This is with MKL version 2019.1.144

Reproducible Steps:

Current Output:

The current output. Knowing what is the current behavior is useful.

Expected Output:

It should just work as it did with previous versions. The last version we have tested this setup ok is cmdstan 2.21.

Additional Information:

NA

Current Version:

v2.28.0

wds15 avatar Oct 11 '21 11:10 wds15

Just to double check, it is working with 2.27.0? I am not sure from your post as you mention 2.21.

rok-cesnovar avatar Oct 11 '21 12:10 rok-cesnovar

No.. 2.27.0 also fails with the same error.

wds15 avatar Oct 11 '21 14:10 wds15

2.26.0 works OK.

wds15 avatar Oct 11 '21 14:10 wds15

@andrjohns maybe this easy for you: To me it looks as if Eigen integrates with the MKL using the plugin system. This is apparently interfering with the use of the plugin system as coded up for Stan-math. There are comments in stan/math/prim/fun/Eigen.hpp which talk about multiple plugins, but they don't really make sense to me. Maybe you can have a look or comment? Let me know if you need more info. As stated above: Things stopped working 2.27.0 while they were ok with 2.26.0...if that helps. Thanks!

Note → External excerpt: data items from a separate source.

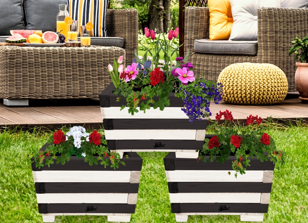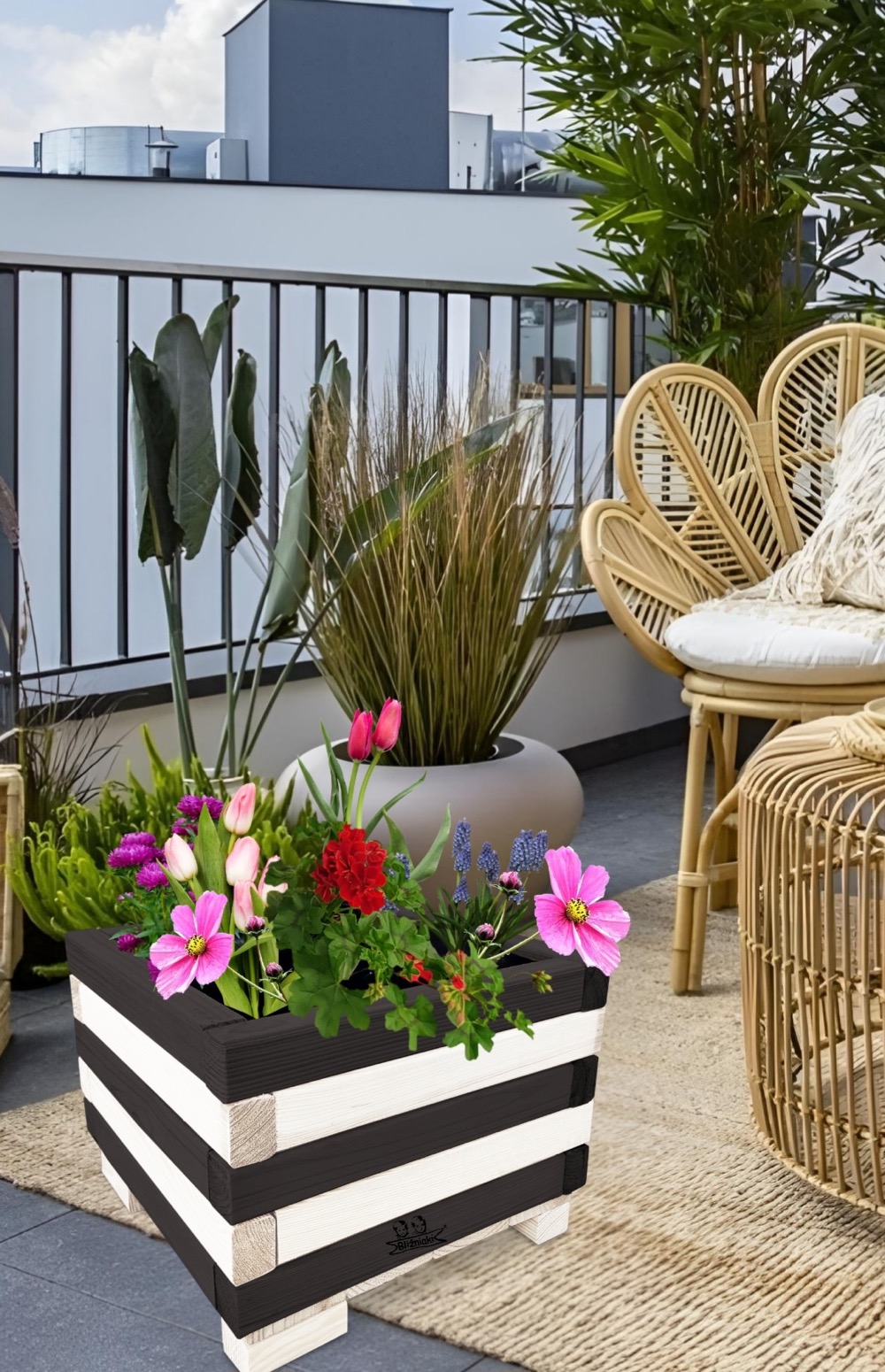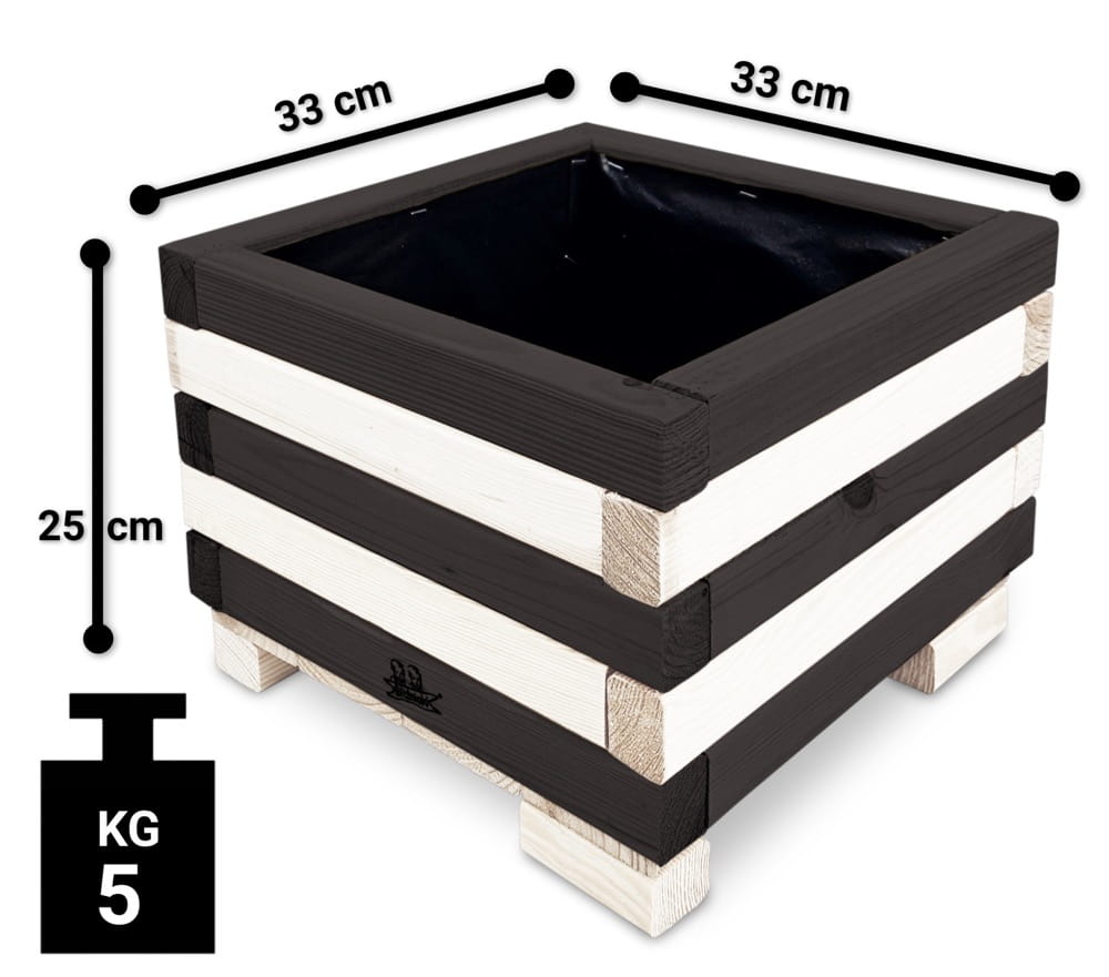 Szukasz wyjątkowego dodatku do swojego ogrodu, tarasu lub balkonu? Drewniana donica DONICA1 BI CZ w czarno-białe paski to niezwykle estetyczne i funkcjonalne rozwiązanie dla każdego miłośnika natury. Wykonana z wysokiej jakości drewna, łączy w sobie ponadczasowy, prosty design, trwałość oraz praktyczność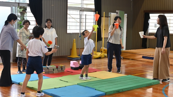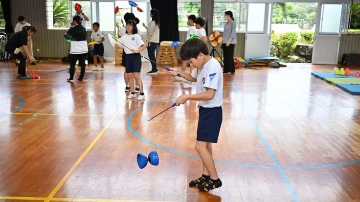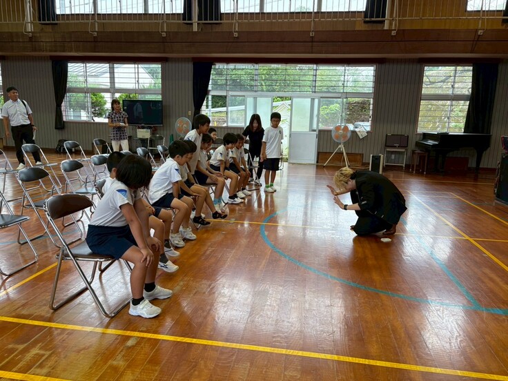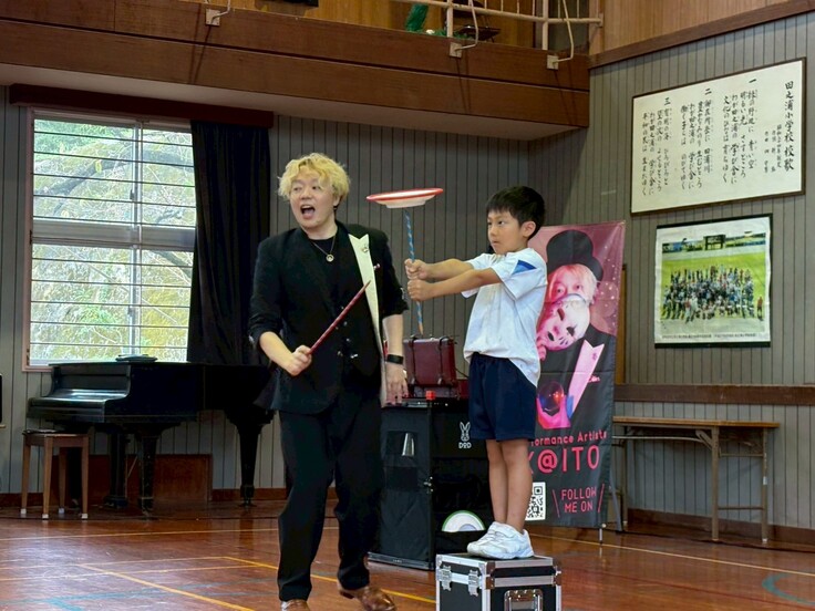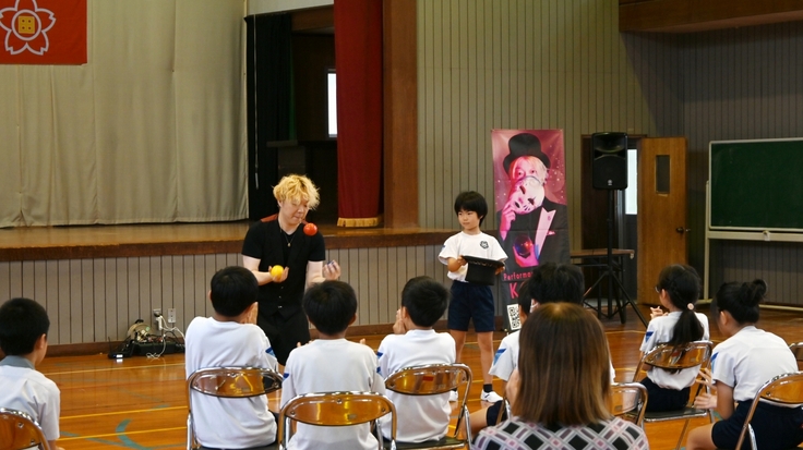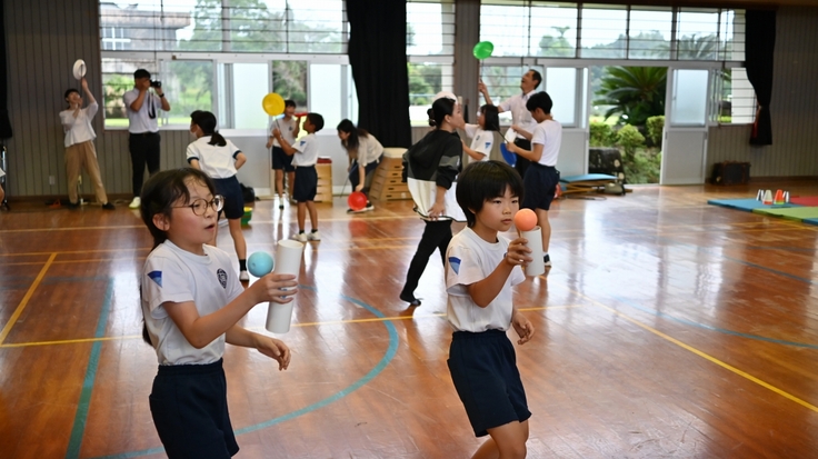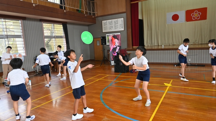 9月24日(水)全校児童18名の志布志市立田之浦小学校でJACKプロジェクトの K@ITOさんによるパフォーマンスショー鑑賞とジャグリングワークショップがありました。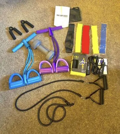 You can do many workouts with these equipment. Most of them are new never used. Text me if interested 619-329-9718 workout equipment, sporting goods, fitness kit set, cardio, w 8 s

Have a look at: https://gitlab.com/libeigen/eigen/-/blob/master/Eigen/src/Core/Assign_MKL.h

wds15 avatar Oct 12 '21 07:10 wds15

Sounds interesting, will take a look!

andrjohns avatar Oct 12 '21 10:10 andrjohns

Alright, I can replicate locally with the MKL when just running the unit tests for the MatrixBase plugins. Will sort out a fix asap

andrjohns avatar Oct 12 '21 10:10 andrjohns

@wds15 & @rok-cesnovar, it's an Eigen bug, not Stan. The macros that Eigen are using for generating the MKL code (in the header that Sebastion linked before) are only defined for const inputs on which a CWiseUnaryOp can be called.

So when calling them on a non-const input, it throws the error about discarding attributes. I'll open a bug with Eigen and see if we can patch locally in the interim

andrjohns avatar Oct 12 '21 11:10 andrjohns

Thank you very much for digging into this!

rok-cesnovar avatar Oct 12 '21 11:10 rok-cesnovar

I'd think, that it would be nice to have this in our 2.28.1 release as well... if this is easy for you to handle and you got the time to do it soon.

Thanks!

wds15 avatar Oct 12 '21 11:10 wds15

Just a heads up that this is going to be a larger refactor and I don't think should hold up 2.28

andrjohns avatar Oct 14 '21 05:10 andrjohns

Thanks for the heads up…take your time.

wds15 avatar Oct 14 '21 05:10 wds15